Using a fungal strain expressing an SnTox1-GFP fusion protein, we examined the location of the SnTox1 protein during fungal growth and infection. SnTox1 was observed in higher concentration on parts of several fungal structures, including the outer surface of conidia and mycelium, and hyphal tips as well as hyphal septa. This, along with the identification of the putitive chitin binding domains, suggested that SnTox1 may have a chitin-binding function to protect the fungal mycelium from host produced hydrolytic enzymes. The accumulation of SnTox1GFP is particularly obvious at hyphal regions where new hyphae are arising. In planta, SnTox1 is highly expressed in the hyphopodia where the penetration is initiated, providing further evidence that SnTox1 plays a role in penetration. Polyclonal antibodies generated against SnTox1 have been successfully generated from rabbits and is being used to determine the cellular location of SnTox1 during disease induction using immunolocalization methods. The yeast strain expressing a histidine tagged SnTox1 has been generated and provides a useful tool for purification of SnTox1.

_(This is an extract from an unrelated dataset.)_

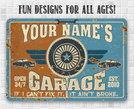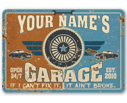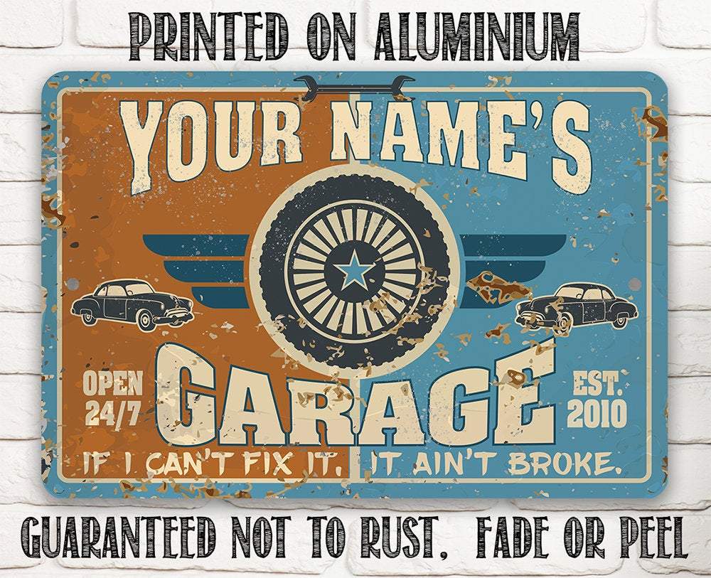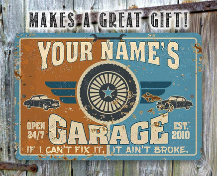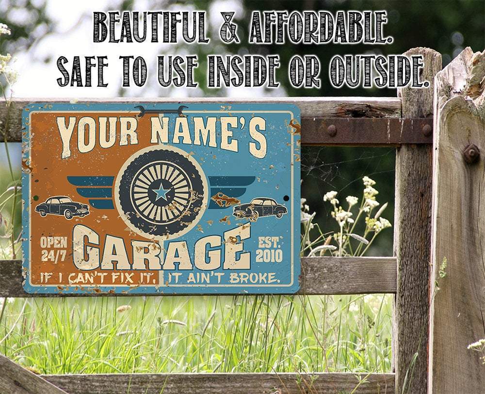 Personalized Garage Metal Sign - Durable Metal Sign - 8" x 12" or 12" x 18" Use Indoor/Outdoor - Great Auto Shop Decor and Gift for Mechanic

The functional sites of the SnTox3 protein have been subjected to extensive investigation using site-directed mutagenesis or deletion mutations, including a putative C-terminal GTPase domain, which also, is predicated to contain a carbamoyl transferase signature. Deletion of the whole or partial GTPase domain led to the complete loss of SnTox3 activity. Several amino acid residues within this domain have been identified to be important through substitutions with alanine. However, mutations at other places such as a PPNP motif, a CK II phosphorylation site, and an N-glycosylation site did not affect the SnTox3 activity. Using the two different antibodies with one specifically against a pro sequence and the other against the end of the mature protein, we have demonstrated that SnTox3 contains a pro-sequence (position of 21~72 aa) that is cleaved during maturing. The change of the cysteine residue at the very end of the protein resulted in an unsuccessful cleavage of the pro-sequence, hence, eliminating the function of the protein. This suggested that the cleavage of the pro-sequence is necessary for proper protein function. We have successfully developed an SnTox3RFP fusion construct and expressed it in P. pastoris and this protein fusion has been successfully produced and shown to be fully functional. A protocol to purify SnTox3RFP from the yeast culture is being developed. The SnTox3RFP fusion protein as well as the SnTox3 antibodies provides us with a powerful tool to investigate the cellular location of SnTox3 in planta.